Mais de quel niveau d’adversaire parle-t-on ? De l’ensemble de l’ennemi ou d’une portion que l’on aura sélectionnée ? Une règle militaire moderne est de ne pas attaquer à moins de trois contre un. C’est exactement ce que prescrit Sun Tzu, en détaillant les ratios :
« La règle de l’art militaire veut qu’on encercle l’adversaire quand on dispose d’une supériorité de dix contre un, qu’on l’assaille à cinq contre un, à deux contre un on le fractionne, à forces égales on doit savoir combattre. » (chapitre 3)
« Attaquant à dix contre un, je me retrouve en supériorité numérique. » (chapitre 6)
De même, dans un combat de type guérilla, on ne cherche qu’à combattre des éléments en situation de faiblesse par rapport à la concentration de feux qu’on pourra leur délivrer à un instant donné (quitte à ne jouer que sur le principe de sidération, considérant que si on laisse à l’ennemi le temps de reprendre ses esprits, le rapport de force s’inversera en notre défaveur) :
« Une armée évite les points forts pour attaquer les points faibles » (chapitre 6)
« A la guerre, le nombre n’est pas un facteur décisif et les hauts faits d’armes peuvent s’avérer néfastes. Pour le reste, il suffit de savoir concentrer ses forces, évaluer l’adversaire et se gagner le cœur des hommes. » (chapitre 9)
Que faire maintenant si l’ennemi qui vous attaque est trop fort ? L’éviter, comme l’enjoignent les maximes présentées en début de billet. Il faut savoir attendre le bon moment :
« Faute de forces suffisantes on se défend pour n’attaquer que lorsqu’elles sont en excédent. » (chapitre 4)

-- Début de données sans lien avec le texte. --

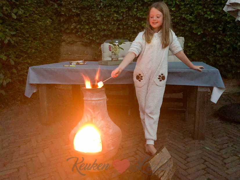 Omdat Ella-Marie niet kan slapen komt ze even naar beneden om wat drinken te pakken. Ze ziet dat Johan en ik buiten in de tuin bij het vuur zitten en vraagt of ze erbij mag komen. Vooruit, heel eventjes dan. Omdat het wat frisjes begint te worden trekt ze snel haar berenpak aan. Ik pak snel een zak met marshmallows en wat houten prikkers, want ondanks het aanhoudende mooie weer komen dit soort avonden – met z’n allen buiten bij het haardvuur – toch niet zo vaak voor.

« Pour important que soient les effectifs alignés par l’ennemi, je puis toujours les mettre dans l’impossibilité de combattre. » (chapitre 6)
Mais Sun Tzu envisage une seconde possibilité : le dévier.
« Si on me demande : « Que doit-on faire au cas où l’ennemi fond sur vous avec des troupes nombreuses et en bon ordre ? » je répondrai « Il suffit d’attaquer ce à quoi il tient, pour qu’il vous mange dans la main. » (chapitre 11)
Sun Tzu suggère ici de d’obliger l’adversaire à reprioriser sa mission en effectuant un raid sur un de ses centres d’intérêt (ville importante, concubine royale, etc.). La détermination de ce « centre d’intérêt » est hautement délicate : doit-on considérer l’intérêt du général ou celui du souverain ? Bien sûr, le second pourrait paraître plus important. Mais le risque est grand qu’un général se désintéresse du sort réservé à la favorite du prince s’il est à deux doigts d’écraser l’armée adverse, et ce d’autant plus s’il applique la maxime de Sun Tzu :
« Si la théorie militaire vous donne pour victorieux, même si le souverain s’y oppose, vous devez passer outre et livrer combat. » (chapitre 10)
Quant à trouver un centre d’intérêt supérieur au général adverse (son village natal, ses terres, les navires qui ont amené son armée sur le champ de bataille, etc.), la tâche semble beaucoup plus ardue : existe-t-il réellement des centres d’intérêt suffisamment déterminant pour détourner le général adverse d’une victoire certaine (ou au moins la reporter) ? et de surcroît accessibles avant le choc des armées ?… Là encore, seul un excellent renseignement recherché en amont permettra de ne pas se tromper dans la cible de la diversion.